Mark Millar, the visionary behind such comics as The Ultimates and Superior, has a real gripe with digital comics. The scribe penned his discontent earlier today in an open message to the industry and media. Retrieved by the kind folks over at CBR, here are some of the juiciest tidbits:

“I think digital could be a useful tool, but I’m increasingly concerned for friends in retail that they’re going to get shafted here,” the writer explained. “I really think day and date release is a disastrous idea and makes no economic sense at all to comics as a business. It’s potentially ruinous for comic stores, and in the long term it’s not going to do publishers any favors either. I see the attraction on a very superficial level. They think they’re cutting out the middle men and all the guys taking a piece of their gross, but there’s an equivalent number of hidden costs in digital too, and it’s short term thinking to obliterate the life-blood of the medium. Retailers are as big a part of comics now as the characters or the creators. They’re not just an outlet. These are carefully crafted communities and owned and staffed by people with a genuine passion for what they’re doing in a way that the ‘Amazon Also Recommends’ box isn’t quite going to match. I’ve got an awful lot of friends on the retail side and so many of them are hanging on by their finger-nails right now. Even a five or ten percent dip could be enough to put huge numbers of comic stores out of business. I know two huge American retailers, like really famous stores, in this position, and once they’re gone these guys are gone forever. Retailers stuck with us through the ’70s collapse and the ’90s post-speculator boom. Shouldn’t we be showing them a little loyalty now? Everything from the chair I’m sitting in to the keyboard I’m typing on has been paid for by royalties that retailers have made me, so I feel quite passionately about this

Is Millar right? Should publishers take a more active role in supporting their retailers? We’ve all seen the numbers folks…comics are once again on the decline. Even with the timely success of DC‘s New 52, the market continues to shrink. Trade paper-back and digital copies are thought to be the safe haven of comic creativity…but what if they destroy the need for original works?

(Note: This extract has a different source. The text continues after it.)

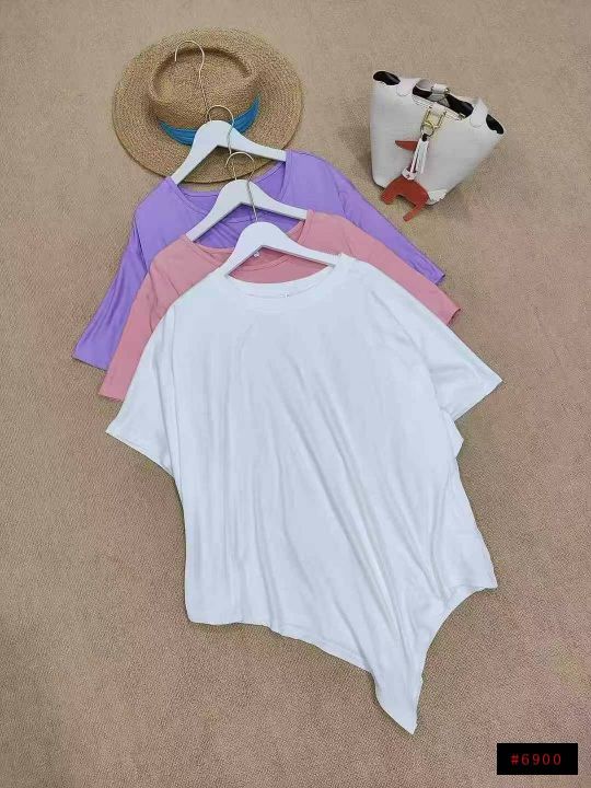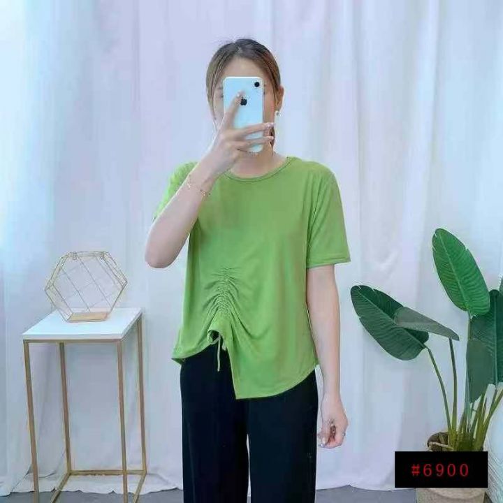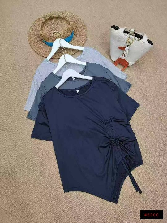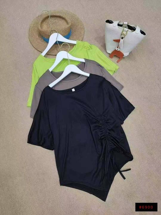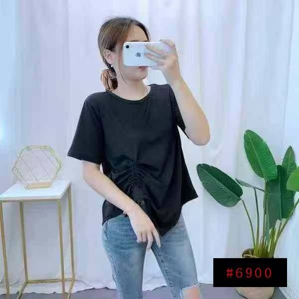 [月亮]:不规则抽绳收腰设计休闲宽松T恤

Here’s another really interesting point:

“A more sensible approach to digital comics, I think, would be the look at the model used for movie distribution for the last decade or so,” he said. “The primary phase of selling would be comic stores and theatrical. This is where the bulk of the investment is recouped or maybe even recouped entirely. The secondary phase is DVD or, in comic terms, the collected graphic novel sold in book stores as well as comic stores. These fans aren’t as hardcore as the first group, but they’re a great place to recoup any money lost in the initial phase. Digital comics are like TV rights to me in that they’re the tertiary phase of all this. These are for the most casual, mainstream readers or viewers and much cheaper than the primary or secondary waves. They’re a great way of pulling people in for the next product coming out in theatres or in comic stores, but absolutely not the bedrock of your business. The fact they’re not on paper doesn’t matter as these guys aren’t collectors as such and the lower price point is very attractive to them. But release comics digitally on the same day as a higher price point print edition is basically sentencing the latter to death. It’s like a movie studio bringing out ‘Avatar 2’ on TV at the same time as a theatrical release. Studios have talked about day and date for a while now, but everybody gets out the calculators periodically and realizes they might not be able to afford to make any more movies a couple of years down the line. They’d destroy cinemas, their primary source of income, in much the same way I think day and date could be devastating for comic stores.”

Millar contest that tangible, printed comic books are the driving force for all other sales, whether they’re films or toys. Without an emphasis on new, printed content, Millar thinks that the whole industry will collapse…and I tend to agree.